Project start date: 02.09.2013

Project completion date: 30.09.2016

Total funding: 994,400 lei

2013:              91,300 lei

2014:              263,970 lei

2015:              300,761 lei

2016:              338,369 lei

Project manager: Assoc. Prof. Andrea Kellenberger

Team members:

Nyari Terezia                        senior researcher                 work contract from 12.09.2013

Banica Radu Nicolae          postdoctoral researcher      work contract from 12.09.2013

Dan Mircea Laurentiu         PhD student                         work contract from 12.09.2013

Locovei Cosmin                   postdoctoral researcher      work contract from 24.09.2013

Baies Radu                           postdoctoral researcher      work contract from 12.09.2013

Bucur Alin                             PhD student                         work contract from 12.09.2013

Ursu Daniel Horatiu           PhD student                         work contract from 03.02.2014

Cseh Liliana                         senior researcher                 work contract from 03.02.2014

Capota Paul Cristian           master student                      work contract from 03.02.2014

Vaszilcsin Nicolae               senior researcher                 work contract from 12.11.2014

Poienar Maria                       postdoctoral researcher

Kumar Sanjay                       postdoctoral researcher

Project status report 2013 -2015

Objective 1: Solvothermal synthesis and morphological, structural and compositional characterization of silver nanowires with controlled aspect ratio (2013).

The aim of this objective was the synthesis of silver nanowires (AgNWs) by the reduction of silver ions in ethylene glycol in the presence of surfactants. If the surfactant used is polyvinylpyrrolidone (PVP), the PVP : Ag molar ratio and Cl^- ion concentration in the system have been shown to be essential for obtaining a reaction product rich in nanowires. To control the aspect ratio (diameter and length) of silver nanowires, the effect of synthesis conditions, such as injection temperature of Ag⁺ ions, rate of temperature increase of the reaction medium, molar ratio Ag : surfactant, temperature and synthesis time have been investigated.

The obtained silver nanostructures were characterized by X-ray diffraction, UV-Vis spectroscopy, scanning electron microscopy, energy dispersive X-ray analysis and transmission electron microscopy.
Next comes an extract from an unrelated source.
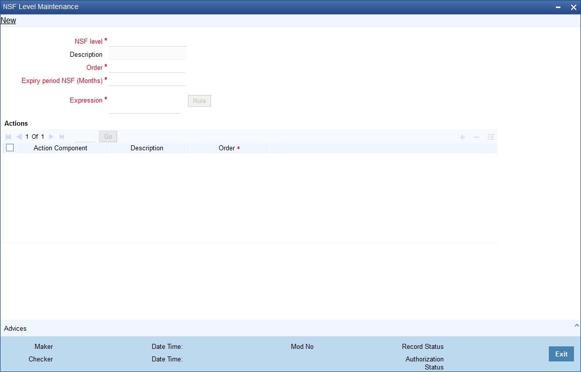 Oracle FLEXCUBE supports cheque processing through web branch screen and generic interface upload routine facility. You can maintain customised Non Sufficient Fund Cheque level and the components associated with NSF level in ‘NSF Level Maintenance’ screen.

XRD patterns of the silver nanowires show the presence of cubic-phase Ag grown preferentially along the direction (111) as the major phase, together with tetragonal phase Ag. EDX analysis revealed the presence of silver, small amounts of chlorine due to traces of AgCl (consistent with XRD spectra) and carbon from the PVP adsorbed on the surface of nanowires. TG / DTG-ATD studies have shown the oxidative desorption of PVP in the temperature range 320-480°C. UV-Vis spectra show an absorption maximum located at 378 nm attributed to plasmonic absorption of silver nanowires. An additional peak at 352 nm corresponds to macrocrystalline silver. Absorption maxima located at wavelengths of 385 nm are assigned to overlapped plasmonic absorptions of particles with different shapes, other than nanofibers. SEM micrographs show that regardless of the injection temperature of the precursor, silver nanowires with a very narrow size dispersion are obtained, the average diameter is about 50 nm in both cases. Injecting the precursor at 25°C leads to an average length of 3.5 to 4 μm, resulting in an average form factor (aspect ratio = L / D) of 80. Besides nanowires,  nanoparticles with various shapes, essentially spherical and cubic are obtained, that can be easily removed by centrifugation. The average length of the nanowires obtained by the injection of precursor at 160°C is about 5 μm, resulting in a higher average form factor of 100. Also, the amount of silver nanoparticles having another shapes is lower, as a result we can conclude that the optimum temperature of the precursor injection is 160°C.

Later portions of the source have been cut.